Said Nichols: "We will be both expanding existing areas and accommodating research we're not getting to because we needed more room."

In addition to the blood lab, the Bingham facility will also incorporate animal research facilities now leased by the university in a Hillsborough, NC, building once used by what is now GlaxoSmithKline. "It's far away from campus, and [the three-site arrangement] means that we have our dogs and swine at three different places instead of one. And that's a logistical difficulty, particularly for the veterinary staff, because they're back and forth all the time."

As for the post-expansion future of the blood lab and Hillsborough facilities, "I think we're going to shut them down," he added.

The expanded Bingham will house about 100 dogs, compared with the approximately 85 dogs now there; as well as 125 pigs, more than double the current swine population. The facility was originally built to quarantine animals before their transfer to vivaria on campus, not to house them permanently.

Lowman said the two buildings to be funded through the stimulus program are in design stages, with schematic drawings due to NIH on July 31.

As a result, Lowman said, construction of the buildings isn't expected to begin until "early 2012, and we would anticipate completion about mid-2013," two years ahead of the deadline year set by the grant.

The expansion is not intended to specifically allow hiring of additional staff since it is a construction grant and has no funding for personnel.

The two planned buildings to be funded by ARRA are among four new facilities taking shape there.

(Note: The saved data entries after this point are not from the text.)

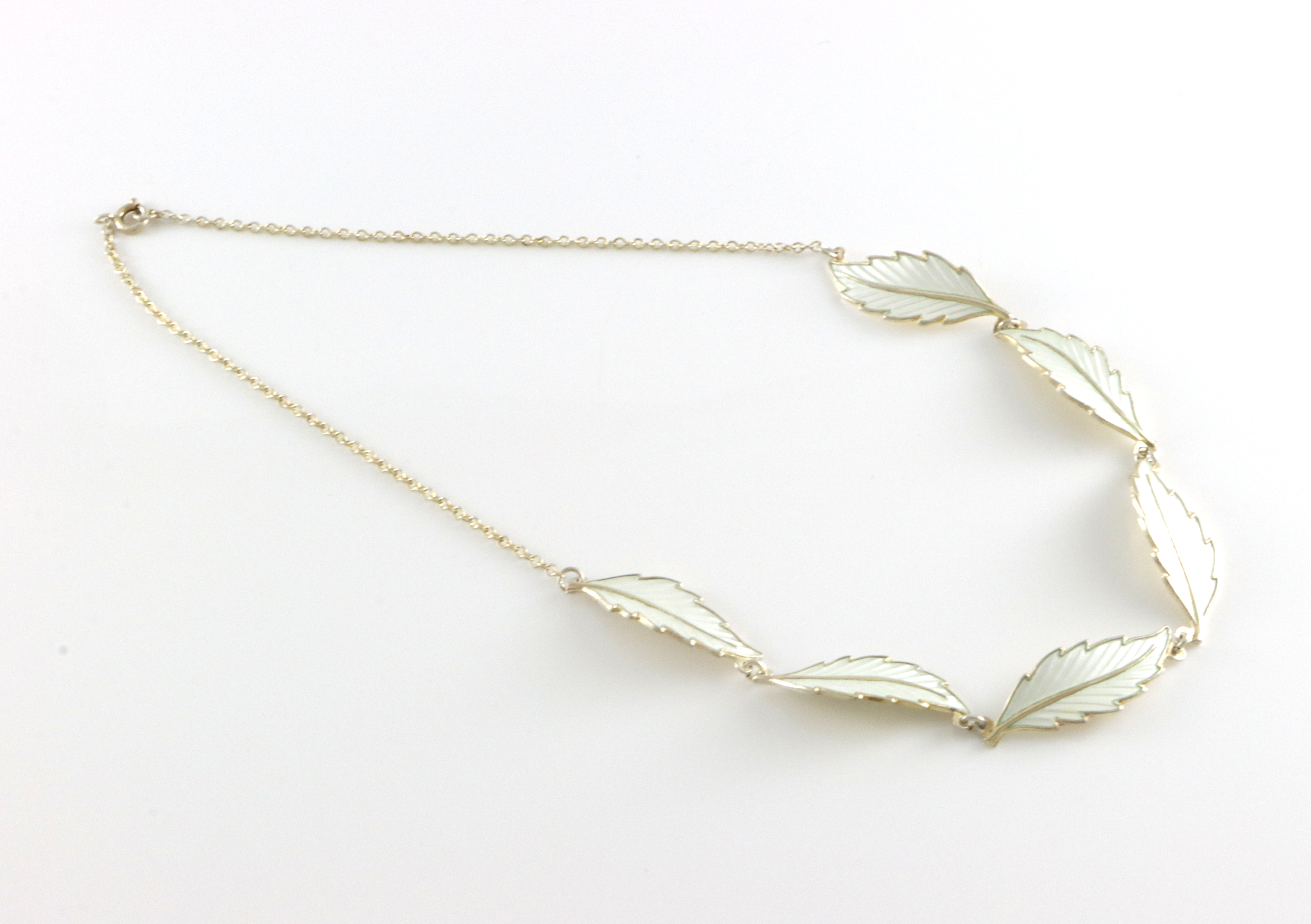 Halskjede i forgylt sølv med hvit emalje. Produsert av Bernhard Meldahl. Halskjedet er ca 40,0 cm langt og leddene er ca 1,1 cm bred.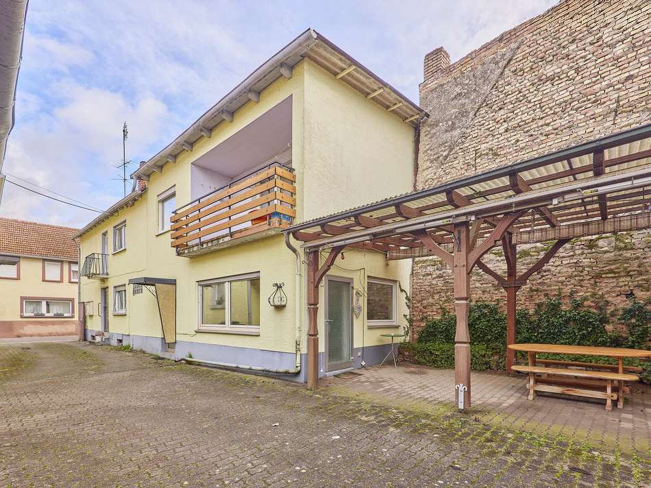 Großzügiges Anwesen mit 2 Wohnhäusern und Nebengebäude, Hofbereich und großem Gartengrundstück in Heuchelheim-Klingen. ++ Wohnhaus 1 - ca. 138 m² Wfl. ++ Die Bauweise ist massiv, unterkellert und mit einer Satteldachkontruktion mit Ziegeleindeckung versehen. Die Wärmeversorgung erfolgt über eine Gaszentralheizung. Warmwasser erfolgt über Elektrodurchlauferhitzer. Das Wohnhaus unterteilt sich im EG in einen Dielenbereich mit Garderobe und Gäste WC, eine Küche mit Speisekammer, ein Esszimmer und ein Wohnzimmer mit Zugang zum Freisitz. Das OG bietet einen Flurbereich, einen Balkon, 3 Schlafzimmer und ein Tageslichtbad mit Badewanne und Dusche. Im Speicher steht entsprechender Stauraum zur Verfügung. Der Keller gliedert sich in einen Vorraum, einen Heizraum und einen Lagerraum. ++ Wohnhaus 2 - ca. 97 m² Wfl. ++ Die Bauweise ist massiv, teilunterkellert und mit einer Satteldachkontruktion mit Ziegeleindeckung versehen. Die Wärme- und Warmwasserversorgung erfolgt über eine Gaszentralheizung. Das Wohnhaus unterteilt sich im EG in einen Dielenbereich, eine Küche mit Speisekammer, ein Wohnzimmer und ein Tageslichtbad mit Badewanne, Dusche und WMA. Das OG gliedert sich in einen Flurbereich, 2 Schlafzimmer, ein WC und einen Abstellraum. Der Keller bietet 2 Lagerräume. Das Dach wurde 2010 erneuert. Eine Halle mit ca. 70 m² Nfl. , Stellplatzfläche im Hof und ein großes Gartengrundstück ergänzen das Angebot. ++ Wohnhaus 2 ist aktuell für 1.000,00 € mtl. vermietet. ++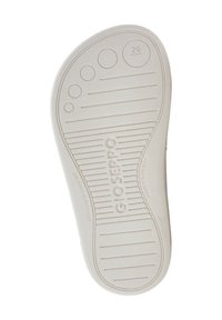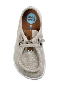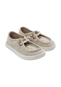 Zapatilla casual beige de lona con suela de goma blanca y pequeño detalle de cordones en el lateral, vista desde el lado exterior.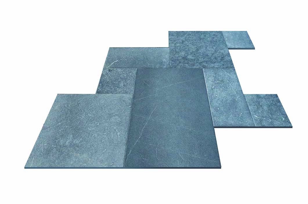 Dalle en marbre gris pour intérieur et extérieur, bords sciés, aspect sablé . Opus 4 formats épaisseur 1,2 cm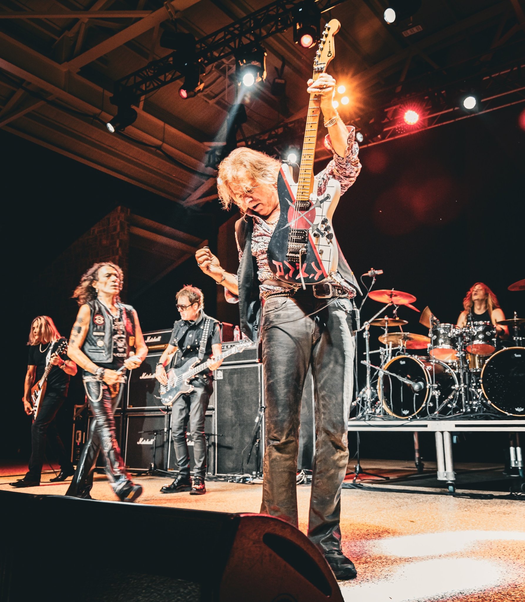 With guitars raised, Stephen Pearcy and Warren DeMartini bring the Sunset Strip sound to life in Beaver Dam. Photo: Wade Harris

Construction is in progress on a separate building for golden retrievers and other dogs whose muscular dystrophy is similar to Duchenne MD in humans. That facility will be designed to accommodate about 125 dogs, and be ready for occupancy this summer, Lowman said.

UNC-Chapel Hill also plans to construct an additional laboratory operations center building at about the same time as the two stimulus-funded structures. The university plans to spend between $5 million and $8 million to build the operations center, which will include suites for the division of lab animal medicine's veterinary, necropsy and pathology suites, plus surgical suites and procedure rooms for investigators.

That building must be constructed at the same time as the two stimulus-funded buildings in order for the blood lab to relocate, Lowman added.

Two-thirds of the cost of the operations center is expected to come from the school of medicine, the remaining third from the Provost's office. A more precise cost estimate will be possible once the school decides on the building's size, Lowman said.